6. Representations and Warranties. In order to induce Agent and Lenders to enter into this Amendment, each Borrower hereby represents and warrants to Agent and Lenders, after giving effect to this Amendment:
(a) All representations and warranties contained in the Credit Agreement and the other Loan Documents are true and correct in all material respects (except that such materiality qualifier shall not be applicable to any representations and warranties that already are qualified or modified by materiality in the text thereof) on and as of the date hereof (except to the extent that such representations and warranties relate solely to an earlier date, in which case such representations and warranties shall be true and correct in all material respects (except that such materiality qualifier shall not be applicable to any representations and warranties that already are qualified or modified by materiality in the text thereof) as of such earlier date);
(b) No Default or Event of Default has occurred and is continuing; and
(c) This Amendment and the Credit Agreement, as amended hereby, constitute legal, valid and binding obligations of such Borrower and are enforceable against such Borrower in accordance with their respective terms, except as enforcement may be limited by equitable principles or by bankruptcy, insolvency, reorganization, moratorium, or similar laws relating to or limiting creditors’ rights generally.
7. Miscellaneous.
(a) Expenses. Borrowers agree to pay on demand all Lender Group Expenses of Agent and Lenders in connection with the preparation, negotiation, execution, delivery and administration of this Amendment in accordance with the terms of the Credit Agreement.
(b) Governing Law.
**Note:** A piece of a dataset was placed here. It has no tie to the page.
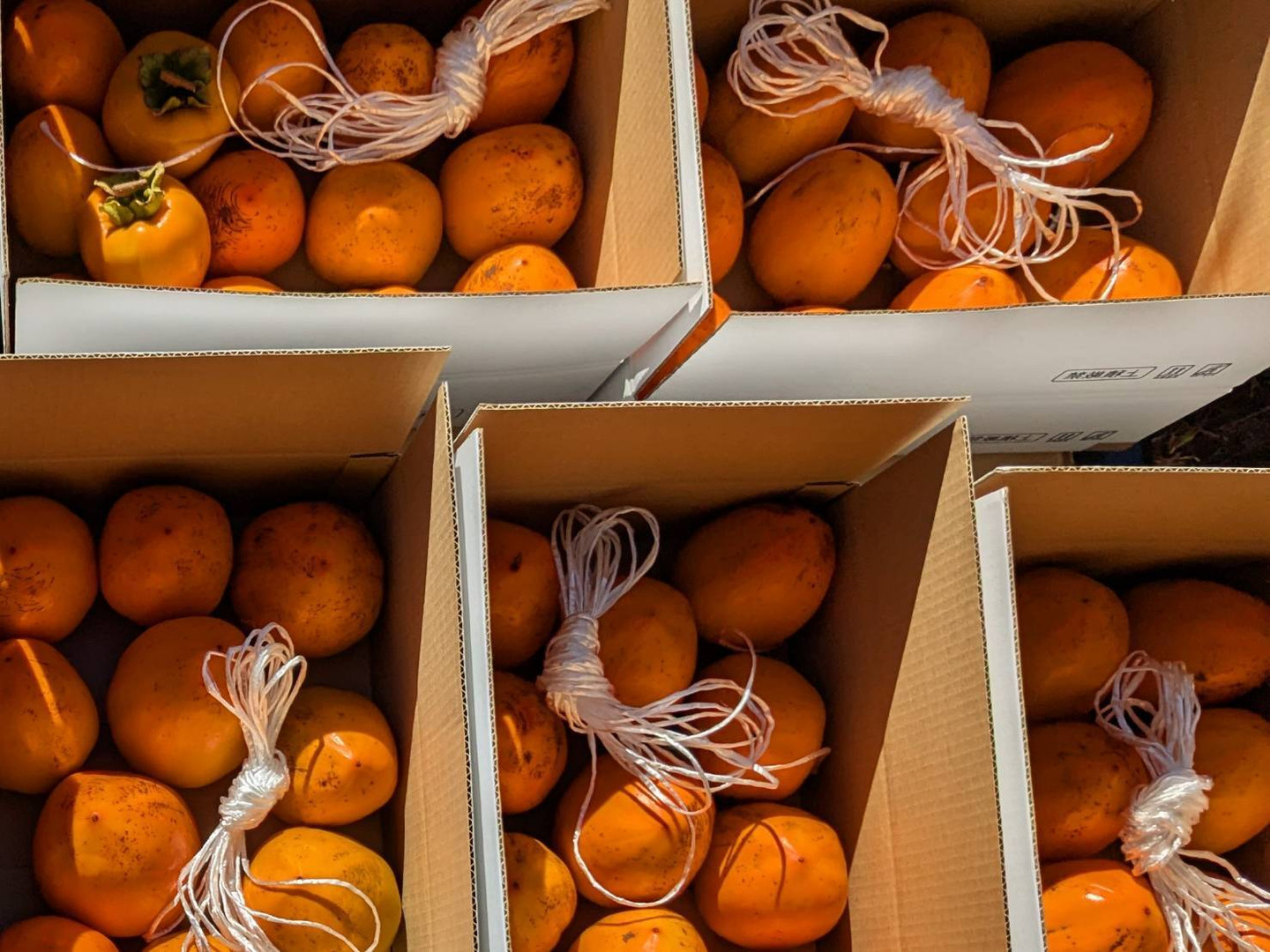 私たちは群馬県のみどり市東町の山に囲まれた土地で柿を栽培しております。圃場は約1町歩あり、風も通り日当たりもよく果樹栽培に適しており、毎年4~6トンもの柿が収穫できます。

This Amendment shall be a contract made under and governed by, and construed in accordance with the internal laws of the State of Illinois.
(c) Counterparts. This Amendment may be executed in any number of counterparts, and by the parties hereto on the same or separate counterparts, and each such counterpart, when executed and delivered, shall be deemed to be an original, but all such counterparts shall together constitute but one and the same Amendment. Delivery of an executed signature page of this Amendment by facsimile transmission or electronic photocopy (i.e. “pdf”) shall be effective as delivery of a manually executed counterpart hereof.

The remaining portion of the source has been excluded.